* _Work to complete_
With pictures excluded, copy word for word the lines in the data below from the line containing "Milford Post cards: Memorial" through the line containing "1.3m シングルコーヒーテーブル +".

* _Dataset content_
· · · · · · ·

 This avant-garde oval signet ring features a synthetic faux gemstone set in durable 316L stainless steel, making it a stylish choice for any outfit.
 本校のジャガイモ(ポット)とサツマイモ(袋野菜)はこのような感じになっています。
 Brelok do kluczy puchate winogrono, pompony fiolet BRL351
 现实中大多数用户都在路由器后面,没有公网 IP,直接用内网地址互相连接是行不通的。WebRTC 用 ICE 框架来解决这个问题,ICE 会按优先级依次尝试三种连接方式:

· · · · · · ·

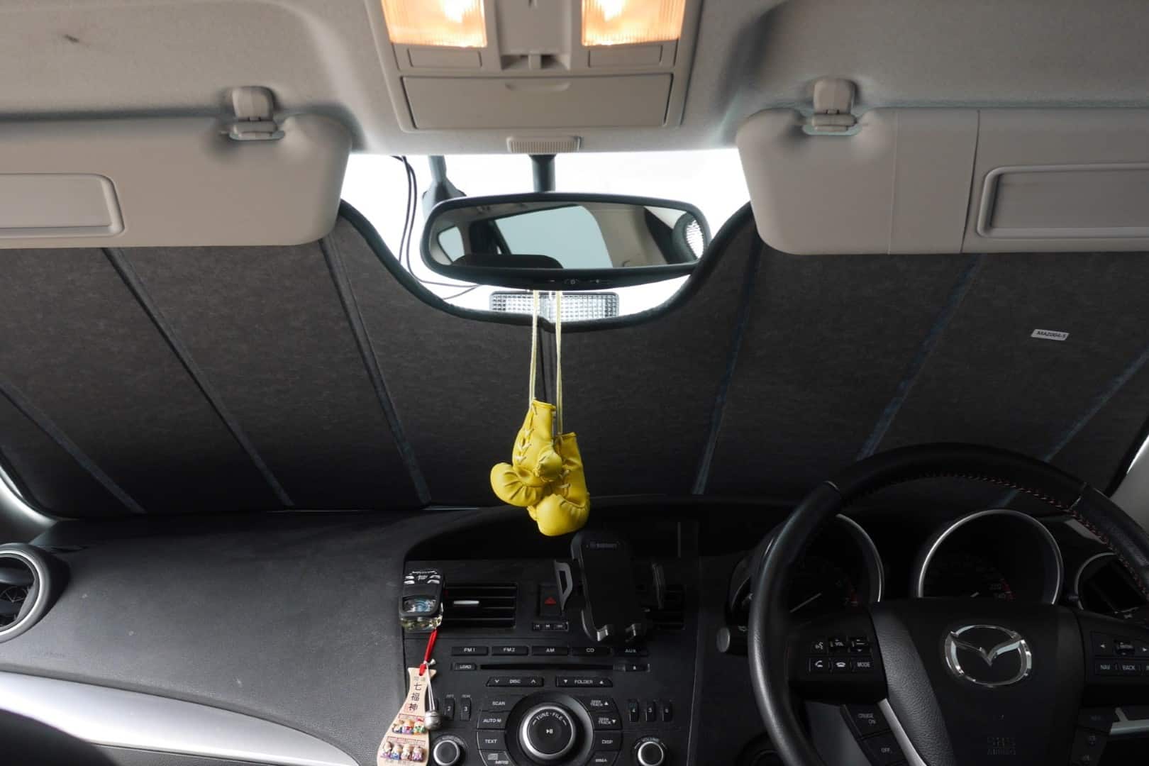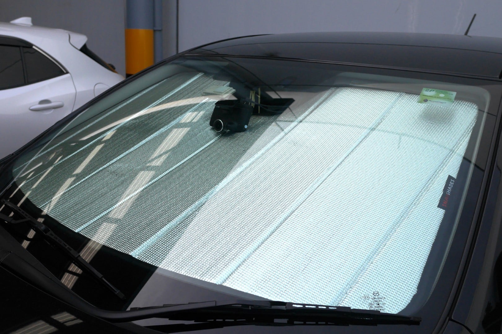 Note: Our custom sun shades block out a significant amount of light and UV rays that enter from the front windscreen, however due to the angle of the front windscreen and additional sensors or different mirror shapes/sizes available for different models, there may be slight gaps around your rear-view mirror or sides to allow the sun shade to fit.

· · · · · · ·

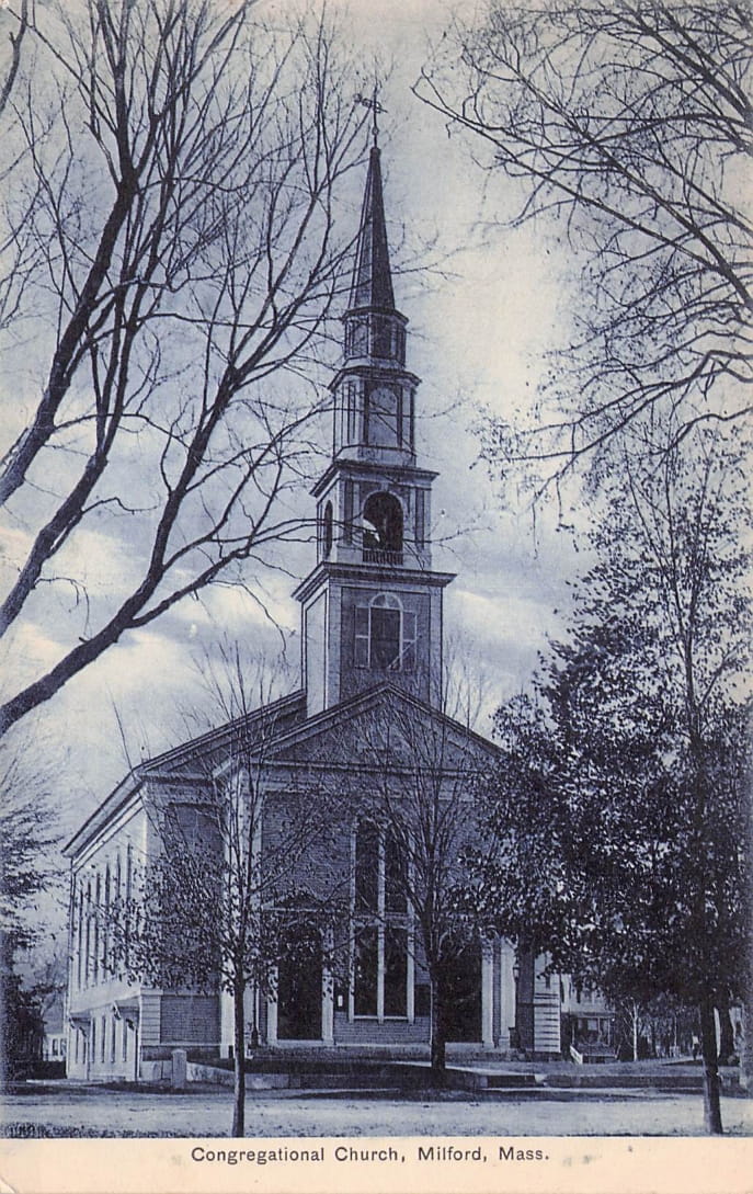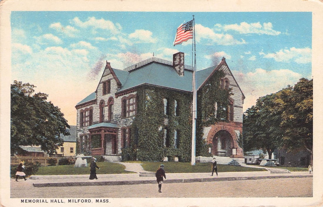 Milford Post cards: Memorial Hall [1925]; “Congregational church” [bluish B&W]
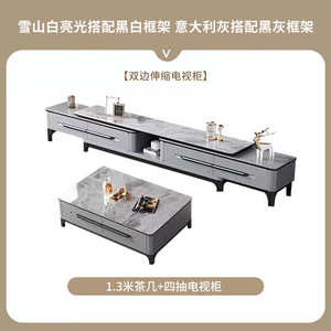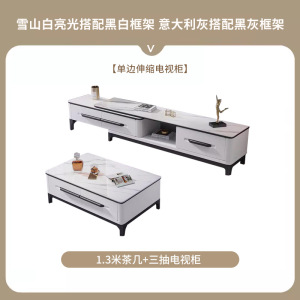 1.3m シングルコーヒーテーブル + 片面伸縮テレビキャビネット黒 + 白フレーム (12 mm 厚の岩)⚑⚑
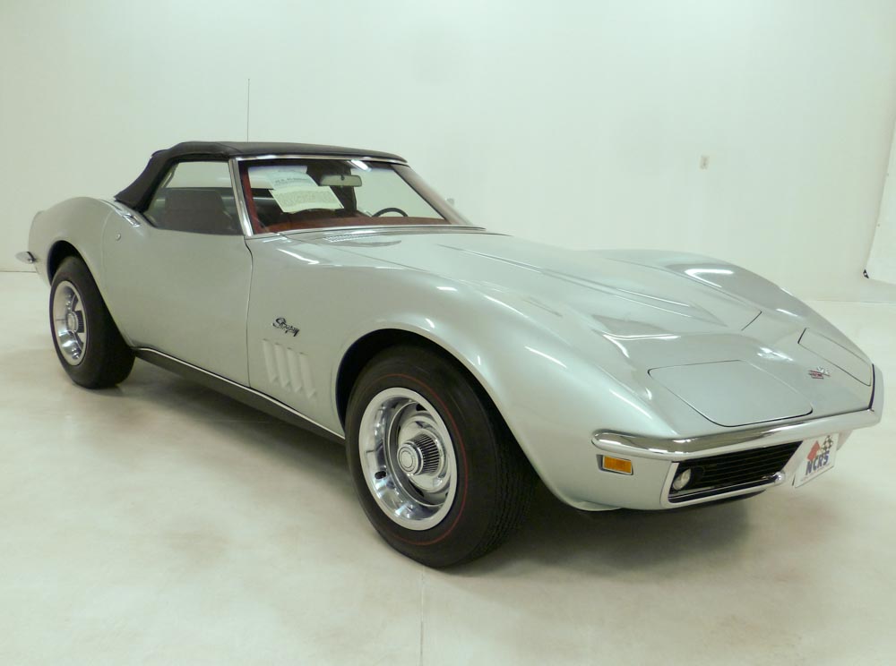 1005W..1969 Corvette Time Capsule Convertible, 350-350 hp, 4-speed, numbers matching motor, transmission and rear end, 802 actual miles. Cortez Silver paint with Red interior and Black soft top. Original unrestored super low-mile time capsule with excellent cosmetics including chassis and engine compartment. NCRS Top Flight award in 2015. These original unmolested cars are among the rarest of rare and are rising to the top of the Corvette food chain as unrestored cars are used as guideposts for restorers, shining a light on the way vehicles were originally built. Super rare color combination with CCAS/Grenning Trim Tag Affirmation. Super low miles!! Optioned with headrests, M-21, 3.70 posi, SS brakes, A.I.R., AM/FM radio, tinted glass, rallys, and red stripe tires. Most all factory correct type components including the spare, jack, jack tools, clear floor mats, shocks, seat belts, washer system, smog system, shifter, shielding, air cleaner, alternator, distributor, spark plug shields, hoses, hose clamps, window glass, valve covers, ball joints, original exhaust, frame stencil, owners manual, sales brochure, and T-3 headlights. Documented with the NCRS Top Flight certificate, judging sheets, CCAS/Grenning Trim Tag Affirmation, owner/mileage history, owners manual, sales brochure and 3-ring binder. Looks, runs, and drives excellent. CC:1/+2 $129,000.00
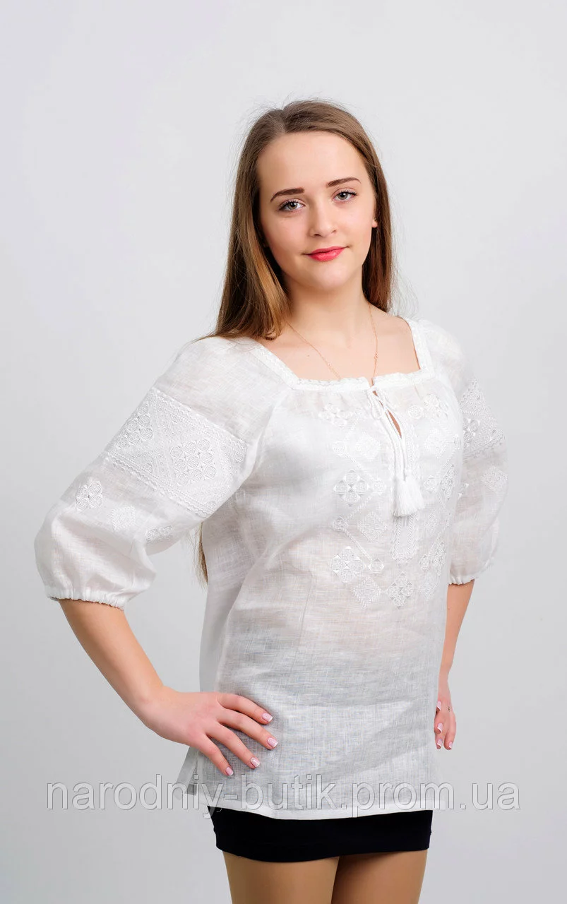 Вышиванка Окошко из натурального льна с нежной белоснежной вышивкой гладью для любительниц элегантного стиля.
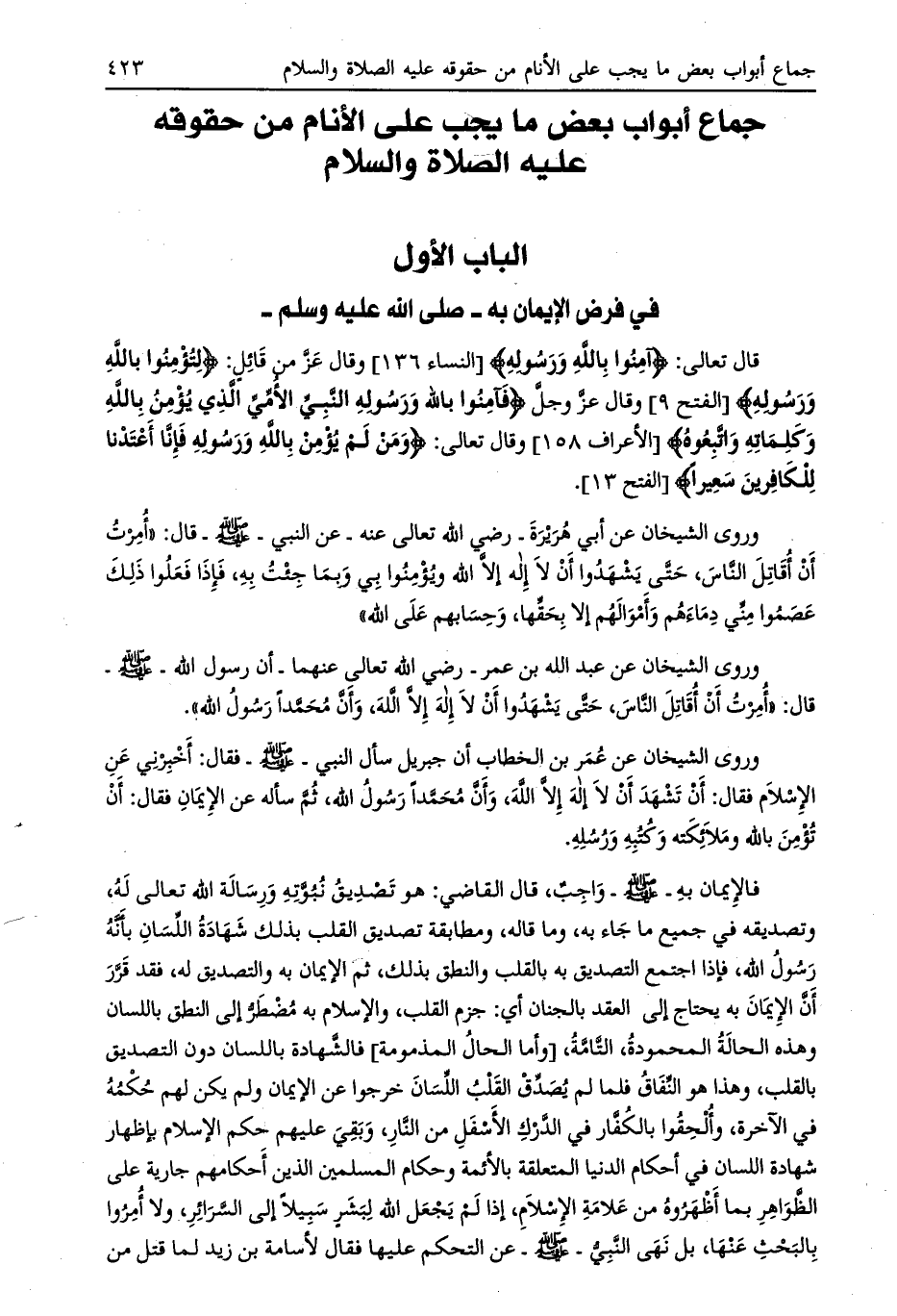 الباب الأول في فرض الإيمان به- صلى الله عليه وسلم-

· · · · · · ·

* _Answer to the problem_
 Milford Post cards: Memorial Hall [1925]; “Congregational church” [bluish B&W]
 1.3m シングルコーヒーテーブル + 片面伸縮テレビキャビネット黒 + 白フレーム (12 mm 厚の岩)⚑⚑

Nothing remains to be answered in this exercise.